The clean-up is beginning in some of areas of northeast Iowa impacted by recent flooding.

In Sumner, water from the swollen Little Wapsipinicon River has begun to recede. Most of the community was inundated after parts of Bremer County were deluged by an estimated 10 inches of rain on Friday (July 21, 2017).

Damage assessments were expected to get underway in Sumner on Sunday, Bremer County Emergency Management Officials said. Information from each assessment will be forwarded to Iowa Homeland Security for further review and possible action based on dollar values of damage.

Video Courtesy of MrNikonshooter via YouTube

Gov. Kim Reynolds has issued a disaster proclamation for Bremer, Buchanan, Clinton and Johnson counties in response to the severe storms, heavy rains and flash flooding on Friday and Saturday. The governor’s proclamation allows state resources to be utilized to respond to and recover from the effects of this severe weather. The proclamation also makes grants available for qualifying residents of the four counties seeking reimbursement for car or home repairs, clothing or food replacement and temporary housing expenses.

On Thursday, Reynolds issued a disaster proclamation for four other counties that were impacted by the same weather event that began on Wednesday (July 19). The previously declared counties were Allamakee, Clayton, Fayette and Winneshiek.

Several homes in the downtown area of Sumner had flooded basements, and foundation walls on at least four of the structures collapsed, authorities said. One of the many businesses that took on water was the Sumner Light Plant. Officials spent the day Saturday working to restore electric and water service to the entire community after utility service was shut off on Friday.

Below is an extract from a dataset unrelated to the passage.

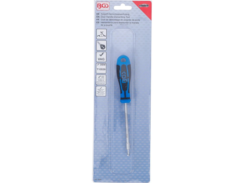 Demontážny nástroj BGS 6699 je praktická pomôcka pre mechanikov a karosárov pri rozoberaní vnútorných kľučiek dverí v koncernových vozidlách VAG. Je navrhnutý tak, aby umožnil rýchlu a bezpečnú demontáž bez rizika poškodenia plastových častí alebo čalúnenia.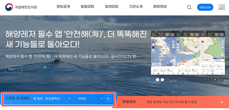 1. 국립해양조사원 홈페이지에 접속하면 메인 화면에서 '스마트 조석예보'라는 부분을 바로 찾을 수 있습니다. 이곳에서 원하는 지역을 직접 선택하여 간편하게 물때 정보를 확인할 수 있습니다. 처음에는 '부산광역시'로 설정되어 있지만, 원하는 지역으로 변경할 수 있습니다.

Video Courtesy of MrNikonshooter via YouTube

Flooding was expected to continue on Sunday in southern Fayette and southwestern Clayton counties, where many rivers and streams are running high. The National Weather Service said numerous road closures were reported across the area due to ongoing flooding or damage. In addition, several roads have been washed out.

The Turkey River at Elkader and Garber remains at minor to moderate flood stage, and is forecast to continue to rise through Sunday afternoon. On Saturday, the Wapsipinicon River rose above flood stage at Fairbank and, downstream, the city of Independence was preparing for the possibility of major flooding on Sunday.

In Clayton County, officials continue to keep a close watch on the Volga River, which reached 14 feet at Wadena on Saturday. Downstream, in the city of Volga, a mandatory evacuation was declared for some residents living along the river. In a Facebook post late Saturday evening, emergency management officials said power had been restored in Volga and gave the all-clear for vacated residents to return to their homes.

Clayton County Emergency Management officials said an estimated five-to-seven inches of rain fell in the Volga River watershed late Friday night through early Saturday morning.